# Data Cleaning
Ingest the raw `penguins_Iter.csv` datafile and prepare it for further analysis.

`penguins_Iter.csv` include: size measurements, clutch observations, and blood isotope ratios for 344 adult foraging Adélie, Chinstrap, and Gentoo penguins observed on islands in the Palmer Archipelago near Palmer Station, Antarctica. Data were collected and made available by Dr. Kristen Gorman and the Palmer Station, Antarctica Long Term Ecological Research (LTER) Program.

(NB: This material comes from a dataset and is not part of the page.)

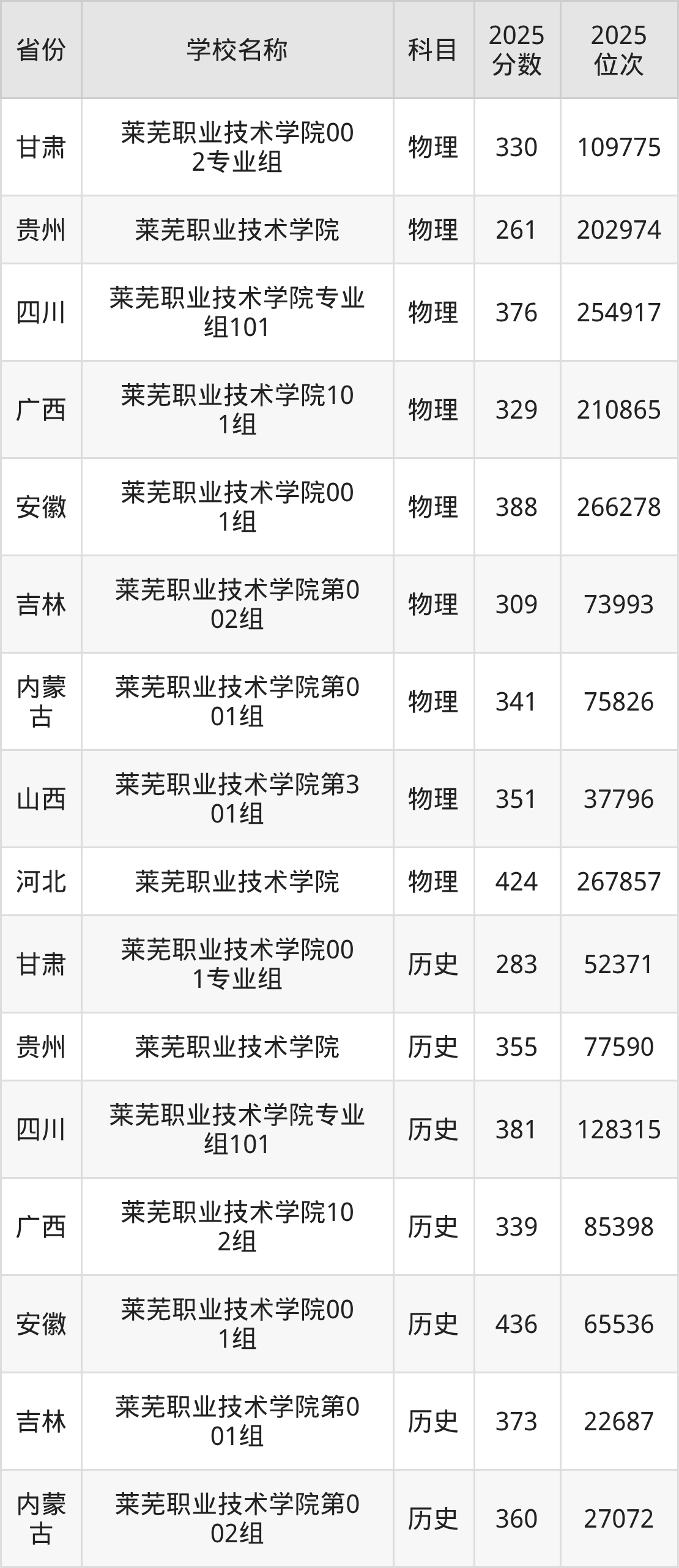2025年莱芜职业技术学院在全国各省专科的最低录取分数线在165~456分之间。河北物理类高考生最低424分能上莱芜职业技术学院、安徽物理类高考生最低388分能上莱芜职业技术学院……下文将展示莱芜职业技术学院在全国11个高考省份中的专科最低投档录取分汇总!

**Gorman KB, Williams TD, Fraser WR** (2014) Ecological Sexual Dimorphism and Environmental Variability within a Community of Antarctic Penguins (Genus Pygoscelis). PLoS ONE 9(3): e90081. https://doi.org/10.1371/journal.pone.0090081

## Subset Data

In [99]:
import pandas as pd
raw_penguins_df = pd.read_csv("../data/raw/penguins_lter.csv")
variables_to_keep = ["Species", 
                     "Island", 
                     "Flipper Length (mm)",
                     "Culmen Length (mm)",
                     "Culmen Depth (mm)",
                     "Body Mass (g)", 
                     "Sex"]
penguins_df = raw_penguins_df[variables_to_keep]
penguins_df.head()

Unnamed: 0,Species,Island,Flipper Length (mm),Culmen Length (mm),Culmen Depth (mm),Body Mass (g),Sex
0,Adelie Penguin (Pygoscelis adeliae),Torgersen,181.0,39.1,18.7,3750.0,MALE
1,Adelie Penguin (Pygoscelis adeliae),Torgersen,186.0,39.5,17.4,3800.0,FEMALE
2,Adelie Penguin (Pygoscelis adeliae),Torgersen,195.0,40.3,18.0,3250.0,FEMALE
3,Adelie Penguin (Pygoscelis adeliae),Torgersen,,,,,
4,Adelie Penguin (Pygoscelis adeliae),Torgersen,193.0,36.7,19.3,3450.0,FEMALE


## Standardize Variable Names

In [None]:
penguins_df.rename(columns = {'Species':'species', 
                              'Island':'island', 
                              'Flipper Length (mm)':'flipper_length_mm',
                              'Culmen Length (mm)':'bill_length_mm',
                              'Culmen Depth (mm)':'bill_depth_mm',
                              'Body Mass (g)':'body_mass_g',
                              'Sex':'sex'},inplace=True)
penguins_df.head()

## Rename Species
Rename species from scientific name to common name, for example `Adelie Penguin (Pygoscelis adeliae)` is renamed to `Adelie`.


In [101]:
species = penguins_df.species.unique().tolist()
species_common = ["Adelie",
                 "Chinstrap",
                 "Gentoo"]
penguins_df.loc[:,'species'] = penguins_df.loc[:,'species'].replace(species, species_common)
penguins_df.head()

Unnamed: 0,species,island,flipper_length_mm,bill_length_mm,bill_depth_mm,body_mass_g,sex
0,Adelie,Torgersen,181.0,39.1,18.7,3750.0,MALE
1,Adelie,Torgersen,186.0,39.5,17.4,3800.0,FEMALE
2,Adelie,Torgersen,195.0,40.3,18.0,3250.0,FEMALE
3,Adelie,Torgersen,,,,,
4,Adelie,Torgersen,193.0,36.7,19.3,3450.0,FEMALE


## Save Cleaned Data

In [102]:
penguins_df.to_csv('../data/cleaned/penguins_cleaned.csv', index=False)